Kenwood DDX7015 Headunit
McIntosh MC431 Amplifier
Focul Utopia 6.5 2-Way Components (Mids in the door, Tweets Custom Molded into the stock Kickpanels)
SEAS Lotus 10 inch subwoofer. The sub box is all MDF (no glass), and is ported.
Tsunami 5 farad cap
Dynamat Extreme throughout

Here are the pictures from the initial install.


















































The sound quality was not bad, but we knew there was definitely room for improvement.

So this time around we made some slight changes. The latest install consisted of these changes:


Replace the Kenwood DDX7015 with McIntosh MX406 headunit
Replace McIntosh MC431 with MCC406M amp
New seats! (took out the red Brides and replaced them with something ultra ultra rare!)
Custom alcantera work for certain key interior spots (more on this in pics to come)
McIntosh sub bass controller (in the coolest spot ever!)
Sirius tuner mounted in factory cubby (my car has no nav) with stealth mounted antennea
Drill out factory door speaker grilles and re-wrap in windsong
Ran new power/ground wires (now 4 gauge) from cap to amp

We retained the Focal Utopia fronts, and SEAS Lotus 10 inch sub.

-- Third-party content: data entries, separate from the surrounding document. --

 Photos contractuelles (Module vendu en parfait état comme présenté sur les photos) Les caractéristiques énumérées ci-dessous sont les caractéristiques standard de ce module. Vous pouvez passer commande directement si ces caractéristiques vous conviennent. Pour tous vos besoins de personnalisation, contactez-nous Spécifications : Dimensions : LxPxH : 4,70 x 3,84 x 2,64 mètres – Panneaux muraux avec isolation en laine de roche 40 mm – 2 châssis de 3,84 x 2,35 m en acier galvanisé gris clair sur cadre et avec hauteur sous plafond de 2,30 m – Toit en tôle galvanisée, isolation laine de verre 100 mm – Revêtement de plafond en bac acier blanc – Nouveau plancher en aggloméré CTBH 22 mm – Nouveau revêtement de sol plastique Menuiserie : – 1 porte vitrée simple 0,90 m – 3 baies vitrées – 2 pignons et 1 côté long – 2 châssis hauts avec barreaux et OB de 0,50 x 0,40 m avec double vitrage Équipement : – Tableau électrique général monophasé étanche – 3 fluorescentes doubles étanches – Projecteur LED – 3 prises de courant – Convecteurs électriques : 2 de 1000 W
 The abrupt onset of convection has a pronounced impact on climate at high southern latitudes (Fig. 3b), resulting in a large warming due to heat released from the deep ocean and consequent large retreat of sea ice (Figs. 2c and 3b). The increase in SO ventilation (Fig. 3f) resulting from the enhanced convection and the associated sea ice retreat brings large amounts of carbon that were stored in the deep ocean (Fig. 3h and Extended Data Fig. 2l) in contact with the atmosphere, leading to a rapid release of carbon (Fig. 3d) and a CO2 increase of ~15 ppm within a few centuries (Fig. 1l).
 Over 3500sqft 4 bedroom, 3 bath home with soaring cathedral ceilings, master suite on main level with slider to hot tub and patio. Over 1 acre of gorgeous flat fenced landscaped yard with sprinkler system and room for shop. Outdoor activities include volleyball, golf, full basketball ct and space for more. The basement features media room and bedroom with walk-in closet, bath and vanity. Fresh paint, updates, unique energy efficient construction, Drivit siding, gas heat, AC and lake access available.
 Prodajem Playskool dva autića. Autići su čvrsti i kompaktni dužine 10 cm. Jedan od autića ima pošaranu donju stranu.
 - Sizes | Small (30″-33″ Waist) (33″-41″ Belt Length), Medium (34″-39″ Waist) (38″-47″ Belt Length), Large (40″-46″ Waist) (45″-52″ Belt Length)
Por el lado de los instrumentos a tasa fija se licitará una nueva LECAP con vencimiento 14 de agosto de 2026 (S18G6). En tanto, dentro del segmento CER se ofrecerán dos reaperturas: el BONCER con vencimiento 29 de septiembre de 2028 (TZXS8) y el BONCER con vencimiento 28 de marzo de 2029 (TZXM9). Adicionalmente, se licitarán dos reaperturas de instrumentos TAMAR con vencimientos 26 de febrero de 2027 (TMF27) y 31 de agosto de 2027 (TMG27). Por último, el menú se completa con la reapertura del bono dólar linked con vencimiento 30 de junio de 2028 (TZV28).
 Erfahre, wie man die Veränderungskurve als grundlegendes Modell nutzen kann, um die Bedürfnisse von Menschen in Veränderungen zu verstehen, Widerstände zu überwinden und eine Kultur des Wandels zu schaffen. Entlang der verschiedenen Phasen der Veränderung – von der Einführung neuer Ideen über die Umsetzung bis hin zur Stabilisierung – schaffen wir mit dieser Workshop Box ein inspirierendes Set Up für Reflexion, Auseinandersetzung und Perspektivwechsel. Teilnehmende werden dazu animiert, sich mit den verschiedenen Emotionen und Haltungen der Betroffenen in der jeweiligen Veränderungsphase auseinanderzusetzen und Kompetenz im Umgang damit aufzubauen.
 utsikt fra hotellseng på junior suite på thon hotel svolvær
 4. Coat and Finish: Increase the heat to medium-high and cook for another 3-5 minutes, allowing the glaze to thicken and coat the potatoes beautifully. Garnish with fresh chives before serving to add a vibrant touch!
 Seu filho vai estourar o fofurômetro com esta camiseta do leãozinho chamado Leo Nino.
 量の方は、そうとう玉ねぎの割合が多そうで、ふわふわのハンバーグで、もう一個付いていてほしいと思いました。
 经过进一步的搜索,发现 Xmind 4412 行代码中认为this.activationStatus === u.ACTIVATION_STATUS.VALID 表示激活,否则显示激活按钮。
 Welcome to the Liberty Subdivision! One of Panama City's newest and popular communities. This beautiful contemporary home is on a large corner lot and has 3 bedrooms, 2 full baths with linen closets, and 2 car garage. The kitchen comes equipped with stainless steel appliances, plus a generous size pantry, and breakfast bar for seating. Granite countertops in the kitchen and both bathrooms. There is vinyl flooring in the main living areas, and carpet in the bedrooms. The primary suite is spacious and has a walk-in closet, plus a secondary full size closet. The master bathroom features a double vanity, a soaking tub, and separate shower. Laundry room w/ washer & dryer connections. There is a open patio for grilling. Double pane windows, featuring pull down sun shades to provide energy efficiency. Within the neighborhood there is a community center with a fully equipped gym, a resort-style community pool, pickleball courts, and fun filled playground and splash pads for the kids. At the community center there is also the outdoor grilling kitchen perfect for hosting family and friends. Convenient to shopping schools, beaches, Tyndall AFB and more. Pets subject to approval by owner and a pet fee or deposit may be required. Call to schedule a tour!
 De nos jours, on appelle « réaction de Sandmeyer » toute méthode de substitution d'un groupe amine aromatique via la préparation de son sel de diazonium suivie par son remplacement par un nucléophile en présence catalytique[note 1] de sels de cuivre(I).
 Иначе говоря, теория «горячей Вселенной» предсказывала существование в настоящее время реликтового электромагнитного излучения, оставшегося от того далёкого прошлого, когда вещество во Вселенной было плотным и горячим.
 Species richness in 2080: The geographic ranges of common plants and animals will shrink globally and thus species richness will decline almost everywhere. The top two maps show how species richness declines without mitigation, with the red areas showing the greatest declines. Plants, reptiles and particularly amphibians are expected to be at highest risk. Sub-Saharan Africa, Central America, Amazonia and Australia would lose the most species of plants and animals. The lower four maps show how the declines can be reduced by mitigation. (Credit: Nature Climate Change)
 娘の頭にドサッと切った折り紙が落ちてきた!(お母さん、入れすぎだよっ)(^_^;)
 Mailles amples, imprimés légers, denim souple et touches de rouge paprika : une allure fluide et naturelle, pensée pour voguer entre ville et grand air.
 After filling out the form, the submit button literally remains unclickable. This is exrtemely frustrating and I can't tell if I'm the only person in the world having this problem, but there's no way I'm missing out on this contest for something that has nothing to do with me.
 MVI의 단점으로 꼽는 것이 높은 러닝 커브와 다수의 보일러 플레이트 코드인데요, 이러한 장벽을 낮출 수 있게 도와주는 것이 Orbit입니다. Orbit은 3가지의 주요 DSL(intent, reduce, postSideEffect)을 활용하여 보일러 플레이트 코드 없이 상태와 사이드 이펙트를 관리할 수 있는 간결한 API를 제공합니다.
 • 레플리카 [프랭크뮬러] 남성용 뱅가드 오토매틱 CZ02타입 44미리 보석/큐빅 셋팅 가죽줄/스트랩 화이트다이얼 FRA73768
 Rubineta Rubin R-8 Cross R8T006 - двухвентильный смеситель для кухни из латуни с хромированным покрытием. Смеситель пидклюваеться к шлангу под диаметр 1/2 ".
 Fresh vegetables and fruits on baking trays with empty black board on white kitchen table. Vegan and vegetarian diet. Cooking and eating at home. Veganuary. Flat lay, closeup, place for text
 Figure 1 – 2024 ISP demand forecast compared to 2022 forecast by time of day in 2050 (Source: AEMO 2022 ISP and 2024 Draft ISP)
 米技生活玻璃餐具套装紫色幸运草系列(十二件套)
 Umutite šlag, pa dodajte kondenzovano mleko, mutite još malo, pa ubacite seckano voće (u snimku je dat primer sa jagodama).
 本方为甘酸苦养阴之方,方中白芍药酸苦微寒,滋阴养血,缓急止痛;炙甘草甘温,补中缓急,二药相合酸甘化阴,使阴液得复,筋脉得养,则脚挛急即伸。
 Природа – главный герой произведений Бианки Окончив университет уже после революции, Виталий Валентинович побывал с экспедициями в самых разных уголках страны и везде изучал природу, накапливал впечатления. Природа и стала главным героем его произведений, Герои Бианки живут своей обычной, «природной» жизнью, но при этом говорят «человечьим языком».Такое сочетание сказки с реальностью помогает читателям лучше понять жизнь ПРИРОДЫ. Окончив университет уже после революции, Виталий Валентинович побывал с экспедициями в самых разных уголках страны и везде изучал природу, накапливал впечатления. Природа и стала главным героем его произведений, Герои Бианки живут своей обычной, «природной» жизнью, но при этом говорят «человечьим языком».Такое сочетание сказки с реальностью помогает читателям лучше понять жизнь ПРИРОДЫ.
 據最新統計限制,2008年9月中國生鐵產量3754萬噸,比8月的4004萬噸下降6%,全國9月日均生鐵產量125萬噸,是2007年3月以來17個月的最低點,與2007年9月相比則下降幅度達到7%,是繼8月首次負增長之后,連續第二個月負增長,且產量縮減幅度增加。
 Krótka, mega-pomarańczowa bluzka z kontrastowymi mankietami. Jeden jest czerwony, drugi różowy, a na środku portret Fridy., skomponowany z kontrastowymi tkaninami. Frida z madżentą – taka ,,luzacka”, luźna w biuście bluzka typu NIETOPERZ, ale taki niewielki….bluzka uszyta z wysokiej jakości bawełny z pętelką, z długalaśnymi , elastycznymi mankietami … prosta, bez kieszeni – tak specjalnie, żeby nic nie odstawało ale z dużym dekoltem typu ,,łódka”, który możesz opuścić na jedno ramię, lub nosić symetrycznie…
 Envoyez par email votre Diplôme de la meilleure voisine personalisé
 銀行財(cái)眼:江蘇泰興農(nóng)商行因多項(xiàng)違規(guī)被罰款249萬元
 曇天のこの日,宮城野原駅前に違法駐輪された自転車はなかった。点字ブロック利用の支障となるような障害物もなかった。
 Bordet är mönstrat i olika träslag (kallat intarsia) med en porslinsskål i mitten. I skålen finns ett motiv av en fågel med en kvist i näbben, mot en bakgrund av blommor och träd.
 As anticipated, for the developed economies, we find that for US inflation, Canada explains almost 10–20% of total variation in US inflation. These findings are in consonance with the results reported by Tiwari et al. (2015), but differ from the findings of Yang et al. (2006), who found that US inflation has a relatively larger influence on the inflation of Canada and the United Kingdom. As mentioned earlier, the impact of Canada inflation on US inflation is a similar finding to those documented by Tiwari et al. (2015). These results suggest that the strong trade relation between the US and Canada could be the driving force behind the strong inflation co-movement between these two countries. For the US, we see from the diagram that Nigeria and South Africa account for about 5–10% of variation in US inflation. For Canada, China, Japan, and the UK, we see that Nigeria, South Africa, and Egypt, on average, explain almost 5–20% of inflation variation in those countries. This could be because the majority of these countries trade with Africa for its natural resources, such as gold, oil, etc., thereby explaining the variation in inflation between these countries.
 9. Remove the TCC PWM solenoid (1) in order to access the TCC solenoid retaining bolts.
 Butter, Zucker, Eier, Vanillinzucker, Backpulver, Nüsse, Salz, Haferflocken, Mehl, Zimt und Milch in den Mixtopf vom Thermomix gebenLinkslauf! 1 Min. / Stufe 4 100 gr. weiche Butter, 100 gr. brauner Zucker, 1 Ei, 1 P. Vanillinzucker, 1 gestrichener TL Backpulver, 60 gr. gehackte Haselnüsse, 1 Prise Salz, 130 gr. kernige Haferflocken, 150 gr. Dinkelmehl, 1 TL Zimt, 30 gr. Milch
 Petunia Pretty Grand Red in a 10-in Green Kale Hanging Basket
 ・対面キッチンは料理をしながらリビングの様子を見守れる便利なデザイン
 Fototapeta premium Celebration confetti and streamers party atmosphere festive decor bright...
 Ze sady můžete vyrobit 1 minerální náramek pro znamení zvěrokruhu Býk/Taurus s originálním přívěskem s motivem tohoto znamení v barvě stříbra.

On to the pictures, not the best but you get the idea...










































Our thoughts...



> Now, my system before sounded really nice. But this is on a whole other level! The changeover from passive to active crossovers is a completely different world. The entire stage went from somewhat low to being right at ear level...it really is an amazing transformation! Everything is just more "there". I'm really really pleased with how it turned out. Plus, with the speakers all getting twice the power they were before, the volume levels we can achieve without any interference is really staggering.


Here are some exterior shots that are a few months old. Obviously the major difference would be the seats are black and no longer red.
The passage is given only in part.